I noticed that the root partition is at 88% usage, and checked where I could possibly delete some unneeded stuff.
Best candidate is “/usr/lib/locale” where many language files are that I probably won’t need.
Is it safe to delete everything except “en_US.UTF-8” (used locale)?
How do I prevent regeneration of those files?
I would support redoing the installation to get the updated partitioning structure. It removes all the worries you have about disk space and you don’t have to worry about deleting files that may or may not be needed. Also they likely will be restored on an update.
I do re-installations fairly often on a VirtualBox VM testbed I have, for doing testing work on bug changes etc, so I do get a bit of practise and it takes me about 15 minutes to do a re-install. Without the practise I still think it would only take about 30 minutes as long as you are prepared.
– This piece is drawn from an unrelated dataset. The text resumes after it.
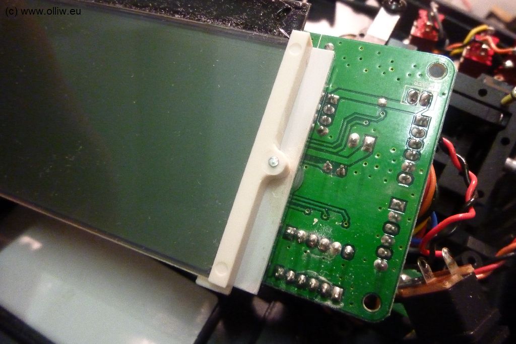 Die grundsätzliche Idee war, die ursprünglichen LCD-Halter dünn zu sägen, und das ganze Sandwich aus Platine, LED-Backlight, und LCD über Löcher durch das LED-Backlight für die Verbindungschrauben zusammenzuhalten. Das ist mechanisch alles sehr einfach zu gestalten, jedenfalls viel einfacher als das mühselige Kleinschneiden des LED-Backlights etc. im ersten Umbauversuch. Da auf der Platinenrückseite die Lötfüßchen sind, schmiegt sich das LED-Backlight nicht richtig an, und beim Zusammenschrauben würde sich die Platine durchbiegen. Das wurde mit Plastikunterlegscheiben zwischen Platine und LED-Backlight gelöst. Damit lässt sich das ganz recht gut und fest zusammenschrauben. Aber die Platine als Ganzes steht nun natürlich zu hoch, d.h., die vier Schrauben an den Ecken welche die Platine mit dem Gehäuse verbinden dürfen KEINESFALLS voll angezogen werden, da sich sonst die Platine durchbiegt, und wer weiss, vielleicht gar Leiterbahnen reißen. Man könnte hier wieder passende Unterlegscheiben oder Abstandhalter aus Plastik benutzen. Ich habe an dieser Stelle aber darauf verzichtet und habe die Schrauben gerade so angezogen, dass es hält ohne groß durchzubiegen. Mir sitzt das so fest genug (wer schmeißt schon seine Funke gegen Wände oder dergleichen).
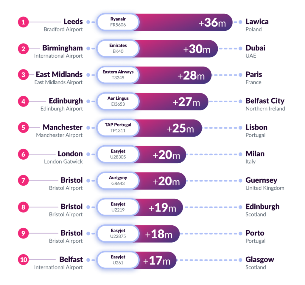 Esendex then took the most commonly scheduled flight code and used FlightRadar24 to analyse every completed flight per flight code, over the past year, taking an average scheduled arrival time and an average actual arrival time. The resulting time difference then revealed whether a flight route was on average delayed, early or on time.

That preparation involves making a list of the mac addresses for each interface and what ip address you use for green, blue and orange.
Also as @jon noted take a backup and download it to the pc that you have the WUI on so it is not on the IPFire machine that you will re-install.
The above does presume that you don’t have any special tunings where files are edited that normally aren’t changed as those likely won’t be backed-up unless you have added those files to the /var/ipfire/backup/include.user file.
Thanks, I will save that information for later when the proper fix is unavoidable anymore. I would have to do this on a weekend to not interrupt our users (and I wouldn’t take chances doing this in midweek).
Regarding updates: The deletion would be incorporated in the update workflow and be done manually. I could also simply use a cron job to check/delete.
Though, does anyone have infos if these files can safely be deleted?
Some weeks ago I had the same problem. I fixed it using a Live CD with GParted without reinstalling IPFire.
That was that I did:
[ I have edited the steps because, sorry]
Reduce the size of the sda4 partition.
Make a copy of the swap partition.
Delete the original swap partition.
Increase the size of the sda1 and sda3 partitions.
After a reboot all worked like a charm.
I did it first in a virtual machine and later in a production machine without problems in both cases. I don’t know if you have the same partitions schema but I guess yes. Don’t try it without to make a backup first. Best if you can try with a virtual machine.